COMEDY with elements of drama and romance

Starring: Bernie Mac, Ashton Kutcher, Zoë Saldaña, Judith Scott, Hal Williams, Kellee Stewart, Robert Curtis-Brown, RonReaco Lee, Niecy Nash, Kimberly Scott, Denise Dowse, and Mike Epps

In the famous 1967 film, Guess Who’s Coming to Dinner, a young white woman (played by Katharine Houghton) brings her black fiancé (famously played by Sidney Poitier) home to meet her parents, the mother played by Katherine Hepburn and the disapproving father played by Spencer Tracy.

Director Kevin Rodney Sullivan (Barbershop 2: Back in Business) updates this classic of interracial (a tired, archaic term) dating in Guess Who. This time, Theresa Jones (Zoë Saldaña), a young black woman, brings her fiancé, Simon Green (Ashton Kutcher), a young white man, home to meet her parents, Percy (Bernie Mac) and Marilyn Jones (Judith Scott). Percy has already had a credit check done on Simon and knows that he has a high-powered job at an investment firm, but Percy doesn’t know two things about Simon: (1) he quits his job the day he’s supposed to meet Theresa’s parents who may end up being his in-laws and (2) Simon is white. Complicating matters is that Simon and Theresa plan on announcing their engagement on the very weekend that Percy and Marilyn are holding a big and expensive ceremony to renew their vows after 25 years of marriage. Percy is upfront and blunt with his disappoint in Theresa’s choice of Simon, and Simon tries his best to make friends with Percy. Will Percy ever learn to like… or at least tolerate Simon?

Guess Who is more funny than smart, and it’s actually very funny when it deals with tense issues of interracial dating and race relations in an off-handed way. Several times the films seems as if it wants to deal with America’s proverbial elephant in the room (race), but most of the time it has to awkwardly limp away from that after fumbling the ball at the 20-yard line and getting injured. Guess Who is a film about race relations that never uses the word “nigger,” but feels safe using the ineffective racial slur, “honky.” That is the best Guess Who could do as far as walking the tightrope between what is acceptable and offensive. It avoids discussing what people have in common (humanity) and what divides us (skin color, ethnicity, religion, etc.), so it certainly isn’t a daring film. In the end it’s also about as glib as Meet the Parents and, to a lesser extent, its sequel, Meet the Fockers, in terms of dealing with the conflicts that result when an outsider marries into the family and when two really different groups of people come together because of a marriage.

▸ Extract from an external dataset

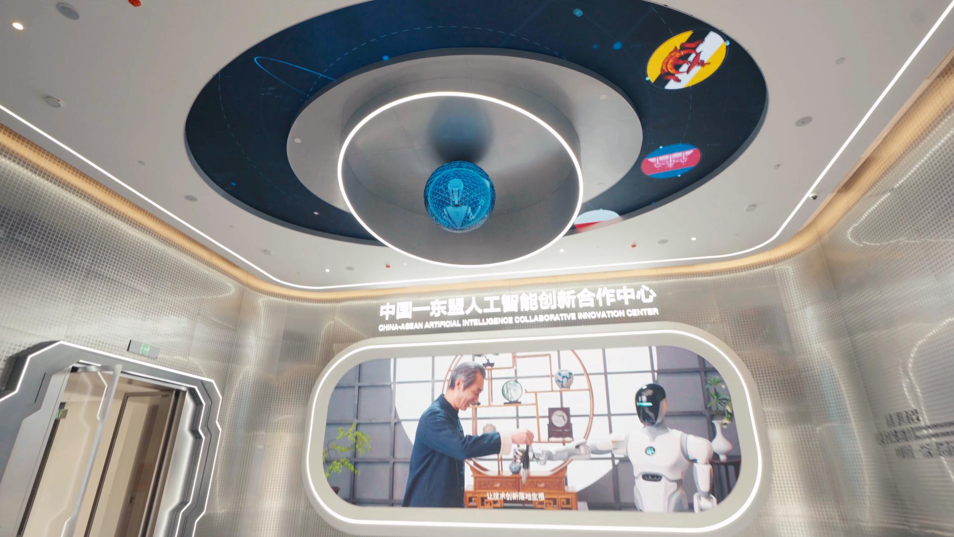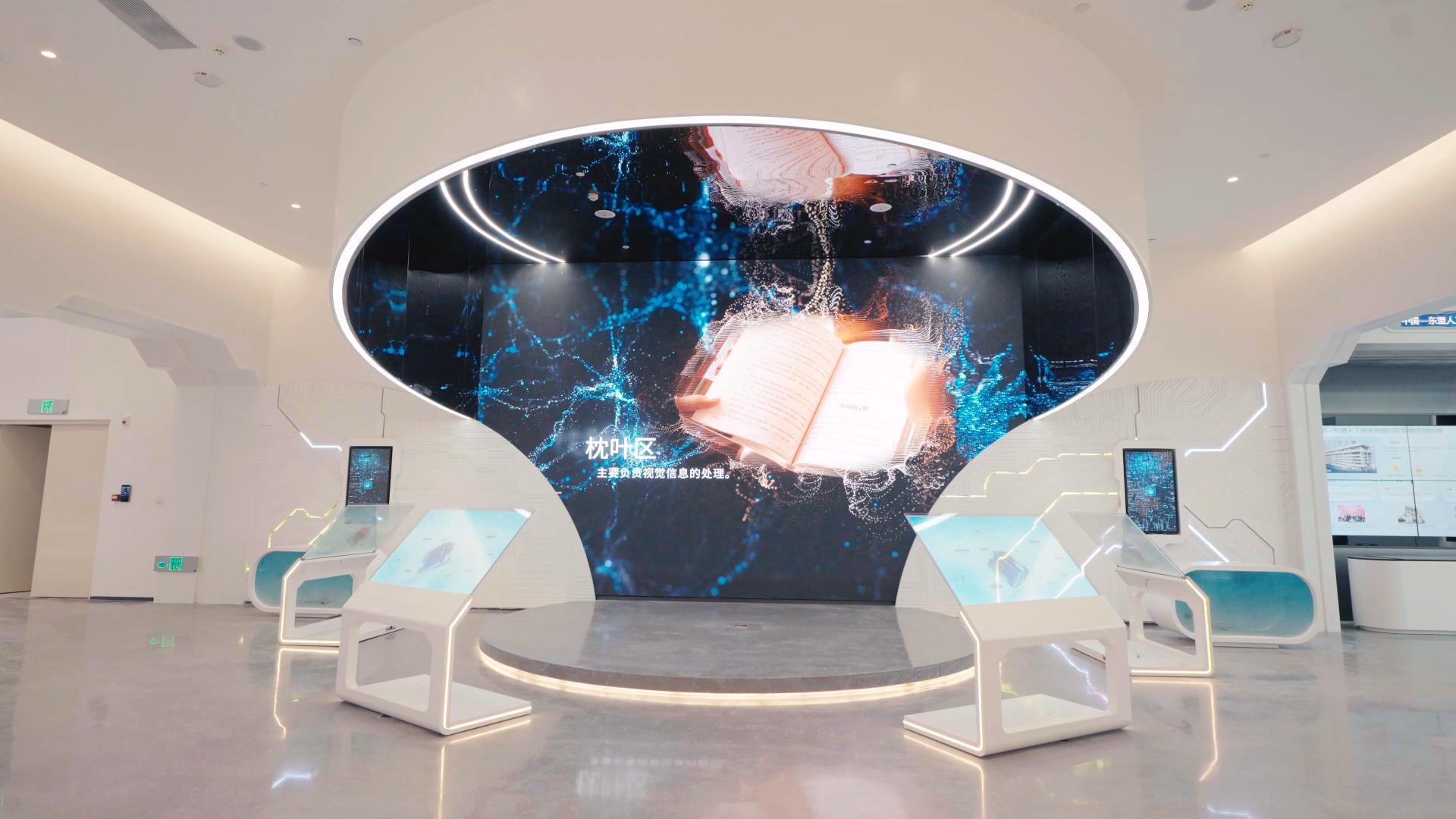 展示中心以“智汇东盟”为核心理念,将未来科技与东盟文化基因精妙融合,塑造出一座开放、流动、绿色且可持续发展的人工智能创新枢纽。内部采用AI导览系统,结合裸眼3D、全息投影等前沿技术,全景呈现中国与东盟人工智能合作成果;二层“智慧之树”服务大厅通过数字根系造型,象征区域合作枝繁叶茂;三层智能工厂全流程展示AI产业化路径,构建起集展示、服务、孵化于一体的综合性平台。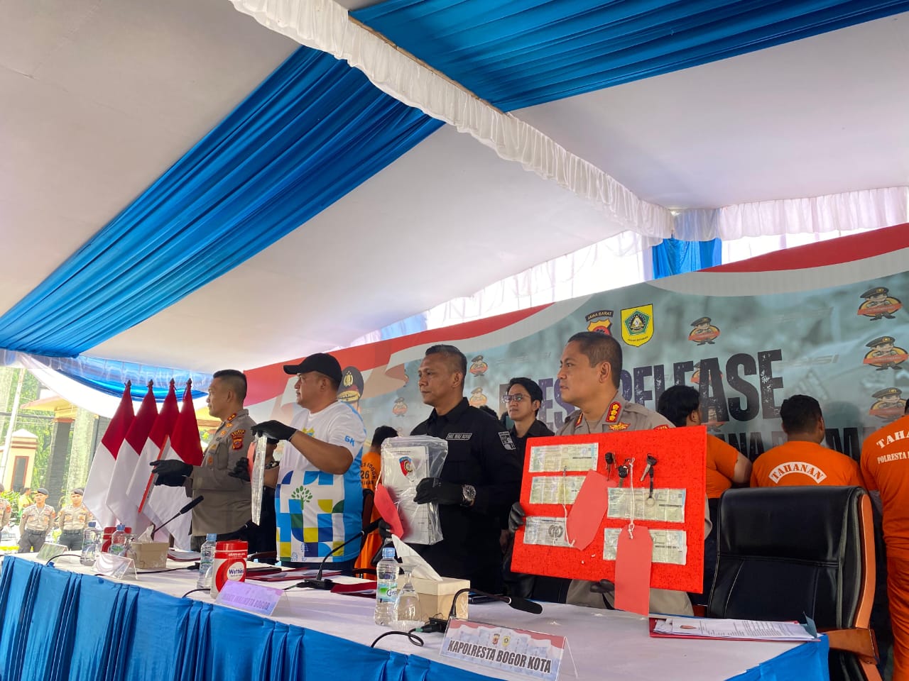 Konferensi pers digelar di halaman Mako Polres Bogor, Jalan Tegar Beriman, Cibinong, Jumat (9/5/2025). Barang bukti dihadirkan dalam konferensi pers tersebut.

On the other hand, the film is funny, very funny. Mac and Kutcher have excellent screen chemistry; in fact the script gets that right, so much to the point that it could be a text book example of how to make interpersonal dynamics in screen narratives in which a screen duo or couple are of different skin colors work. The drama does seem a little leaden and forced, but if a viewer goes in expecting a typical comedy of errors and misunderstandings, he’ll get one that has a lot of laughs. There is deep fun in watching Mac’s Percy Jones and Kutcher’s Simon Green dance awkwardly around each other for a long time, each graceless meeting helping each to learn about (if not understand) the other.

That makes the inevitable hug of real friendship seem so… well, real, and rewards us with a happy moment to top of a truly funny film. You see, every movie about us (all of us) learning to get along shouldn’t involve cursing, screaming, tears, and finally a tragic incident that brings us together to appreciate life. Sometimes, we can all laugh our way to getting along, or so says Guess Who.

7 of 10

2006 Black Reel: 1 nomination: “Best Actress” (Zoe Saldana)

2006 Image Awards: 1 nomination: “Outstanding Actress in a Motion Picture” (Zoe Saldana)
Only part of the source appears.